# Shooting manual



## DCM1024 (Mar 17, 2013)

I thought I was there. I had shot thousands of frames, determined where I wanted to be then had a major fail. Late in the day I became complacent and forgot to double check my exposure which resulted in a number of over exposed frames. This was just a fun day at the zoo, but I can't take the chance on a paid shoot. Any suggestions? I am aware I am imperfect and have more to learn.


----------



## pierceography (Mar 17, 2013)

I always have highlight overexposure blink warnings enabled. Then I always know if my images are pushed too far to the right. Very useful and often photo saving feature.


----------



## DCM1024 (Mar 17, 2013)

Thank you, a very good suggestion. I had turned the blinked off for some reason.


----------



## AJ (Mar 17, 2013)

Yes, be sure to enable the blinkies.

Also, when shooting M, get in the habit of watching the meter when looking through the viewfinder. If it reads way under- or overexposed, then you may need to adjust your exposure.


----------



## DCM1024 (Mar 17, 2013)

I just took a look at the camera and discovered I accidentally changed the wrong setting at some point - exposure compensation was at +3, which definitely explains the over exposed images. Both suggestions made are appreciated and will be implemented, thank you.


----------



## wickidwombat (Mar 18, 2013)

DCM1024 said:


> I just took a look at the camera and discovered I accidentally changed the wrong setting at some point - exposure compensation was at +3, which definitely explains the over exposed images. Both suggestions made are appreciated and will be implemented, thank you.

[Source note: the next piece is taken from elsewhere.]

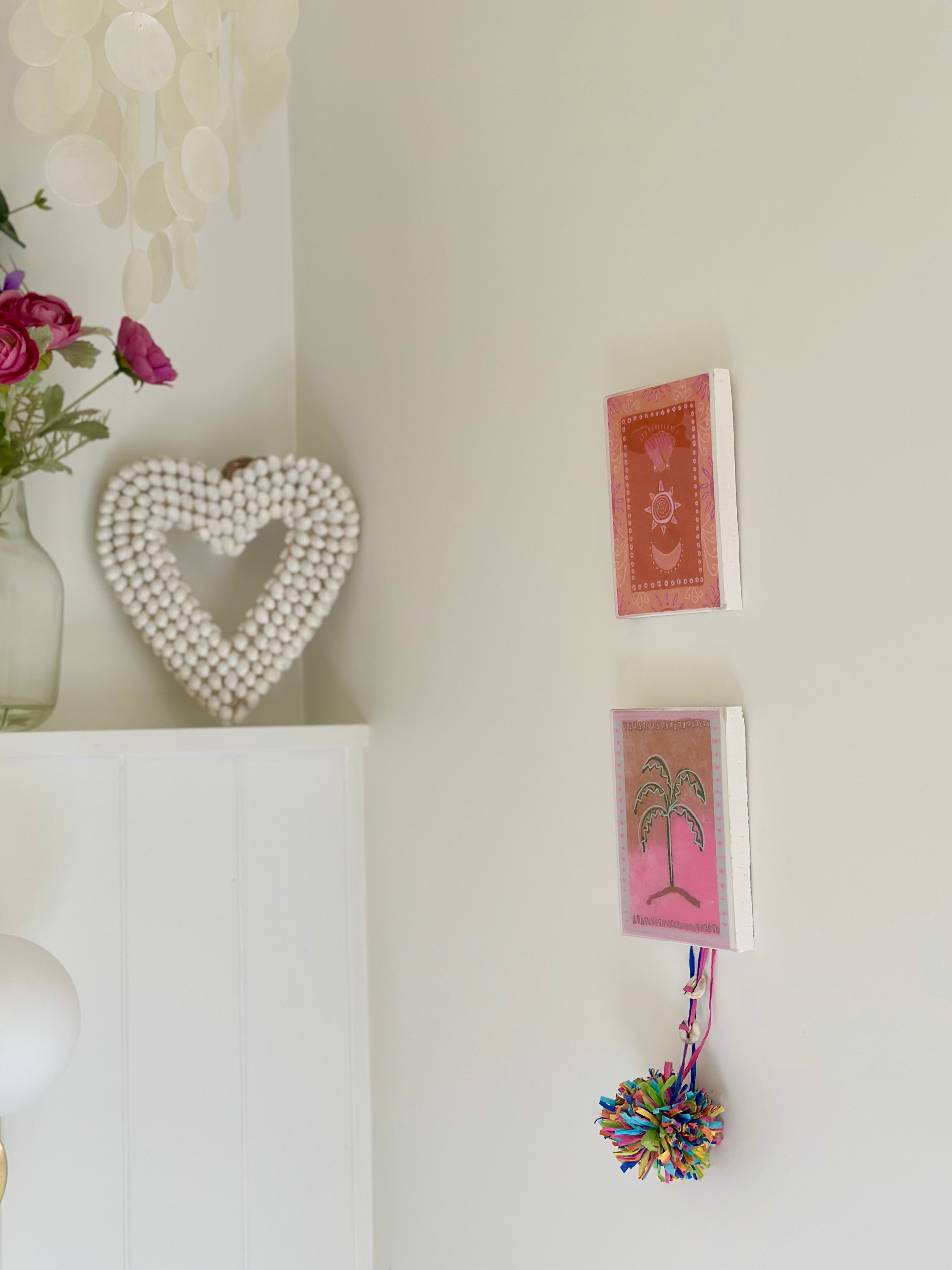 Handmade with heart and inspired by everything I love — palm trees, ocean days, warm sunsets, and a little bit of boho magic. Each piece is one-of-a-kind, designed to bring colour, sunshine, and a hint of coastal fun into your space.

EC doesnt do anything in manual mode though unless its flash EC with an on camera flash


----------



## BruinBear (Mar 18, 2013)

wickidwombat said:


> DCM1024 said:
> 
> 
> > I just took a look at the camera and discovered I accidentally changed the wrong setting at some point - exposure compensation was at +3, which definitely explains the over exposed images. Both suggestions made are appreciated and will be implemented, thank you.
> ...



I might be wrong on this but i think EC will still affect the ISO in manual if you have it set to auto ISO.


----------



## Drizzt321 (Mar 18, 2013)

BruinBear said:


> wickidwombat said:
> 
> 
> > DCM1024 said:
> ...



Yea, if you're in M with Auto-ISO it'll crank the ISO up to try and meet the +3 EV that was selected.


----------



## DCM1024 (Mar 18, 2013)

Drizzt321 said:


> BruinBear said:
> 
> 
> > wickidwombat said:
> ...



I was in Auto-ISO, and just obviously stopped paying attention to what I was doing. I wasn't checking the lcd screen either, and didn't realize I had an issue until I got home. On the other hand, for the first time in two years I got my boyfriend out of program mode and using a lens other than the 24-105. He is _very_ stubborn.


----------



## wickidwombat (Mar 18, 2013)

BruinBear said:


> wickidwombat said:
> 
> 
> > DCM1024 said:
> ...



no it doesn't unfortunately THAT would be good if it did though


----------